§ DATA FOR PROCESSING
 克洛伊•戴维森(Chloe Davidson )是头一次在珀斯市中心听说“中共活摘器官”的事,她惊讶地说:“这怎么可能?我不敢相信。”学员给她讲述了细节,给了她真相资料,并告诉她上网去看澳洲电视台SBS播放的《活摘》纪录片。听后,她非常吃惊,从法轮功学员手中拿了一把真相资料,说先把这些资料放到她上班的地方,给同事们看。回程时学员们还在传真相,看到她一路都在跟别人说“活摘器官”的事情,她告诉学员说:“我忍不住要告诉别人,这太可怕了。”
...
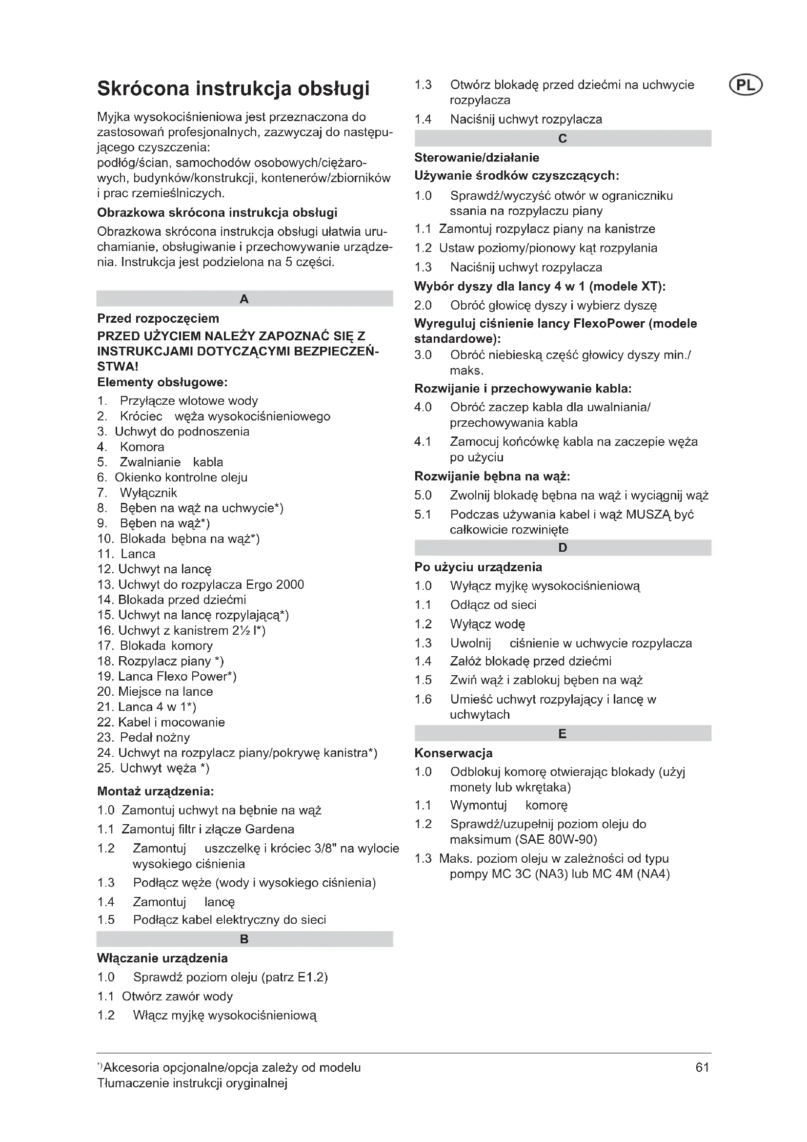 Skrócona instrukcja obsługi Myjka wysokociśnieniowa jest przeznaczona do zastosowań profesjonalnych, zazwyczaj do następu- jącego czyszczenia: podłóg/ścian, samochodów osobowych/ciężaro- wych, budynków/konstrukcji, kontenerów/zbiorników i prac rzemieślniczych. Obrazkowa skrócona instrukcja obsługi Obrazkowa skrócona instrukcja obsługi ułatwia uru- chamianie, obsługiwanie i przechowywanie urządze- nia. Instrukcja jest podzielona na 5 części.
...
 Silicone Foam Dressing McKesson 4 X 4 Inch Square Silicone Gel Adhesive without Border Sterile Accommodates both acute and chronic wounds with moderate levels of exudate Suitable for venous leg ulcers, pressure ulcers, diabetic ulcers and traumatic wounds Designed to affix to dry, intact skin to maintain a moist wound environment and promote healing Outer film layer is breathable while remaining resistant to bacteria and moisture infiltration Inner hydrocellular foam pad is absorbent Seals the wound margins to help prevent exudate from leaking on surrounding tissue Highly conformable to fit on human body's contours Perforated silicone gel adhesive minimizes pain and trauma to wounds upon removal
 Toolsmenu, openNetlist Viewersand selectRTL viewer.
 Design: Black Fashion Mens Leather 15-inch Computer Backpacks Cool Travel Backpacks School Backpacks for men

§ WORK TO COMPLETE
In the listing above, find the line containing "Silicone Foam Dressing" and the line containing "Design: Black Fashion", then quote both, plus every line between them, exactly as written.

§ SOLUTION
 Silicone Foam Dressing McKesson 4 X 4 Inch Square Silicone Gel Adhesive without Border Sterile Accommodates both acute and chronic wounds with moderate levels of exudate Suitable for venous leg ulcers, pressure ulcers, diabetic ulcers and traumatic wounds Designed to affix to dry, intact skin to maintain a moist wound environment and promote healing Outer film layer is breathable while remaining resistant to bacteria and moisture infiltration Inner hydrocellular foam pad is absorbent Seals the wound margins to help prevent exudate from leaking on surrounding tissue Highly conformable to fit on human body's contours Perforated silicone gel adhesive minimizes pain and trauma to wounds upon removal
 Toolsmenu, openNetlist Viewersand selectRTL viewer.
 Design: Black Fashion Mens Leather 15-inch Computer Backpacks Cool Travel Backpacks School Backpacks for men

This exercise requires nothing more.